Open janosh opened 4 years ago
You can use TF's tf.custom_gradient
functionality for this. See, e.g. here https://groups.google.com/a/tensorflow.org/g/tfprobability/c/Vr2605ZuBEY/m/m1abXSxmBwAJ for how to implement gradient clipping (not that you necessarily should clip gradients for HMC).
@SiegeLordEx Thanks for the quick reply. The Google group you linked seems to be private. At least I get a 404.
Regarding tf.custom_gradient
, the docs state
Args:
f
: functionf(*x)
that returns a tuple(y, grad_fn)
where:
x
is a sequence of Tensor inputs to the function.y
is a Tensor or sequence of Tensor outputs of applying TensorFlow operations inf
tox
.
That last sentence sounds like it might be a problem. In our case y
is just a scalar value which can of course be made into a TF tensor but it's not the result of TF operations. Instead it's the output of a Fortran binary. Does tf.custom_gradient
still help us in that case?
Here's the public link: https://groups.google.com/a/tensorflow.org/d/msg/tfprobability/Vr2605ZuBEY/m1abXSxmBwAJ
@janosh yes, it should be fine.
Here's another example:
def foo_no_grad(x):
y = np.square(x)
return tf.constant(y)
@tf.custom_gradient
def foo_custom_grad(x):
y = np.square(x)
def grad_fn(dy):
grad = 2 * np.array(x)
return grad * dy
return y, grad_fn
def foo_autodiff(x):
y = tf.square(x)
return y
with tf.GradientTape(persistent=True) as tape:
x = tf.constant(2., dtype=tf.float64)
tape.watch(x)
y1 = foo_no_grad(x)**2
y2 = foo_custom_grad(x)**2
y3 = foo_autodiff(x)**2
print(tape.gradient(y1, x)) # => None
print(tape.gradient(y2, x)) # => tf.Tensor(32.0, shape=(), dtype=float32)

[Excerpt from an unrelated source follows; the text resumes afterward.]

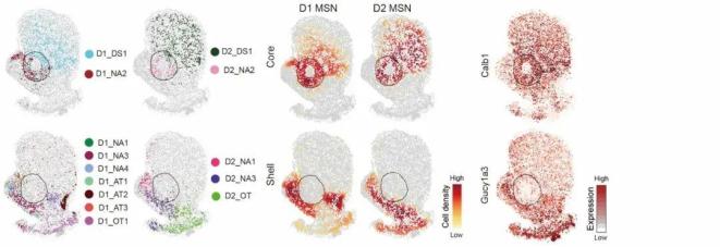 图2. 根据MERFISH数据划分的MSN亚类及它们在纹状体中的分布在根据MERFISH数据划分MSN亚类后,研究人员进一步分析了不同MSN亚类的空间分布特征,发现这些特征与已知的纹状体结构复杂性高度相关,且在伏隔核内发现了之前未被报道的结构异质性 (图2)。例如,依据MSN亚类间的临近位置关系进行聚类,可将其分为若干大群,对应于纹状体内的主要分区。而根据伏隔核内不同MSN亚类的空间分布,可将其大致分为前部 (anterior part) 和后部的核 (core) 及壳 (shell) 区域。尽管伏隔核的核/壳结构被广泛接受,但之前的研究无法准确定义核/壳区域,仅根据大致的解剖学结构对其加以区分。本研究发现不同的MSN亚类高度富集于核或壳区域,提示这可能是区分核/壳的细胞学基础 (图3)。有趣的是,在核或壳区域内部,不同的MSN亚类仍表现出广泛的空间分布异质性。例如,在内侧壳 (medial shell) 区域,多个MSN亚类沿背腹轴分布,而在核区域,不同MSN亚类偏向于腹内侧或背外侧 (ventromedial/dorsolateral)。以上结果表明,不同MSN的空间分布特征可能是纹状体和伏隔核结构复杂性的细胞学基础。那么,不同的MSN亚类是否与伏隔核的功能多样性存在关系呢?研究者们从以下三方面进行了分析:首先,不同MSN亚类的空间分布特征,与已知的伏隔核亚区域功能多样性相吻合;第二,与神经系统功能相关的基因 (如阿片受体),表现出高度的细胞和空间分布特异性;第三,不同神经元亚类的基因表达与空间分布特征提示在伏隔核内存在细胞类型依赖和亚区域特异的细胞间相互作用。以上发现表明,伏隔核内不同神经元亚类的基因表达和空间分布特征至少部分构成了这一区域功能复杂性的细胞和分子机制。

print(tape.gradient(y3, x)) # => tf.Tensor(32.0, shape=(), dtype=float32)
Note that both foo_no_grad
and foo_custom_grad
both use numpy to compute the forward computation (and gradient in the latter case), which is normally not differentiable by TensorFlow's autodiff mechanism. foo_custom_grad
, through @tf.custom_gradient
, is differentiable, even though both the forward and backwards passes are implemented in numpy. You can naturally replace numpy with arbitrary Python code.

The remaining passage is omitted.